Exercise directions –
Every line of the listing below is to be duplicated exactly, with the pictures left out.

Dataset section –
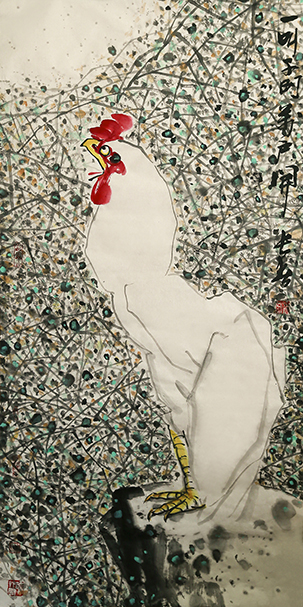 创作简介:乙亥岁末,大疫滋生,庚子正月,蔓长不减,病疫不散,万户萧疏,闭户封窗,以断病疫。今,斗柄回寅,万物更新,百毒将袪。古亦有云,公鸡者,克五毒,今借其意,以达众望。长春以唐寅“一叫千门万户开”诗句,表达病毒尽去,万户皆开门敞窗,大快之情!
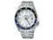 This watch features a 42.5 mm stainless steel case with a silver sunray dial, complemented by a bi-color blue and black rotating bezel. The dial includes bold luminous hands and markers for enhanced visibility, all protected by a Hardlex crystal with a magnified date calendar at the 3 o'clockposition Movement
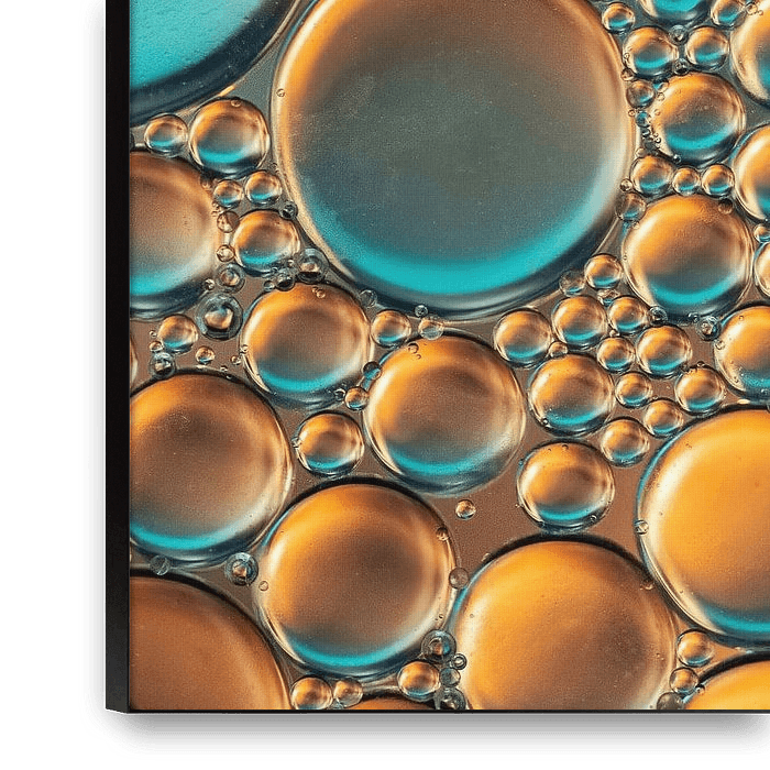 Bestelle dieses abstrakte Wandbild Öltropfen aus Gold und Benzin auf Wasser von Lucille Advocaat als Reproduktion auf Leinwand, Alu-Dibond, als Poster, Fototapete oder Acrylglasbild.

Answer section –
 创作简介:乙亥岁末,大疫滋生,庚子正月,蔓长不减,病疫不散,万户萧疏,闭户封窗,以断病疫。今,斗柄回寅,万物更新,百毒将袪。古亦有云,公鸡者,克五毒,今借其意,以达众望。长春以唐寅“一叫千门万户开”诗句,表达病毒尽去,万户皆开门敞窗,大快之情!
 This watch features a 42.5 mm stainless steel case with a silver sunray dial, complemented by a bi-color blue and black rotating bezel. The dial includes bold luminous hands and markers for enhanced visibility, all protected by a Hardlex crystal with a magnified date calendar at the 3 o'clockposition Movement
 Bestelle dieses abstrakte Wandbild Öltropfen aus Gold und Benzin auf Wasser von Lucille Advocaat als Reproduktion auf Leinwand, Alu-Dibond, als Poster, Fototapete oder Acrylglasbild.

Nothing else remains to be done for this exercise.